# ******** help please



## dakota (Feb 6, 2007)

On ** when i comment on peoples status' and activity etc it doesnt show my name, just ******** user. I havent touched any of my setings unless accidently without realising

Does anyone know how to fix please?

xx

EDIT: have asked this on my status and it disappeared   and now wont let me ask it, but has let me write something else


----------



## ❣Audrey (Aug 22, 2008)

Very weird! I know sometimes in my friends it shows a ******** user and I wonder who it is! xxx


----------



## Caz (Jul 21, 2002)

There's one person who comes up and ******** user on my status a lot. It's only started happening since **  changed their privacy settings/policy so might be related to that. Probably worth going through oyurs and seeing if it's all set how you want it. 
Other than that I think it's just one of those lovely ** "features" 

C~x


----------



## Siobhan1 (Jun 24, 2004)

If you haven't checked your privacy settings lately I would definitely look there as ** changed them so everyone could see most things...I was recently able to look at photos of complete strangers (ie, friends of friends) just by clicking on their name.


----------



## ❣Audrey (Aug 22, 2008)

Grrr it annoyed me when they did this as my brother was able to access pictures of his children I had put in an album for their mum and kept making them his profile picture -  he isn't on my friends and I only had them set to friends so just she could see them - long story short he is a drug addict and alcoholic and gave up his rights to his children 18 months ago when he chose drugs over them - so I complained to ********! xxx


----------



## dakota (Feb 6, 2007)

Have checked all my settings, and they are all set to only friends.
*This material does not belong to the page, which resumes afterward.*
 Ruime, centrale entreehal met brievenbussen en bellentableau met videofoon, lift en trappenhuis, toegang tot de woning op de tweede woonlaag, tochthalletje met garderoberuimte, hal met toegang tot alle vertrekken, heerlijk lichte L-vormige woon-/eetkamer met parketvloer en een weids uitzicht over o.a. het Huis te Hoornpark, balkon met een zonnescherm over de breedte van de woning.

After speaking  to different friends, it seems its not everyone, only a few different people so im wondering wether its there settings?
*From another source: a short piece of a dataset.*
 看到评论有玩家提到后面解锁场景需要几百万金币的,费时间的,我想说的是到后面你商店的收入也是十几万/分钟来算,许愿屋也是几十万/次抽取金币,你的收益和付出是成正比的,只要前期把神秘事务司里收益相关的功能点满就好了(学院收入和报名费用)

Oh well still non the wiser


----------



## freespirit. (Nov 24, 2004)

How do you know if someone has set their settings to only show you a limited profile ?
Does it say somewhere ? What wouldn't you see if this was the case ? Anyone know ?


----------



## freespirit. (Nov 24, 2004)

Ahh come on someone must be able to answer my question


----------



## dakota (Feb 6, 2007)

I have clicked on afriends profile and it comes up like it does when u add them (ie just a few certain bits of info) so cant view there wall, photos, basically anything  

Also my brother has his profile set so no one can write on his wall, or tag him in photos


----------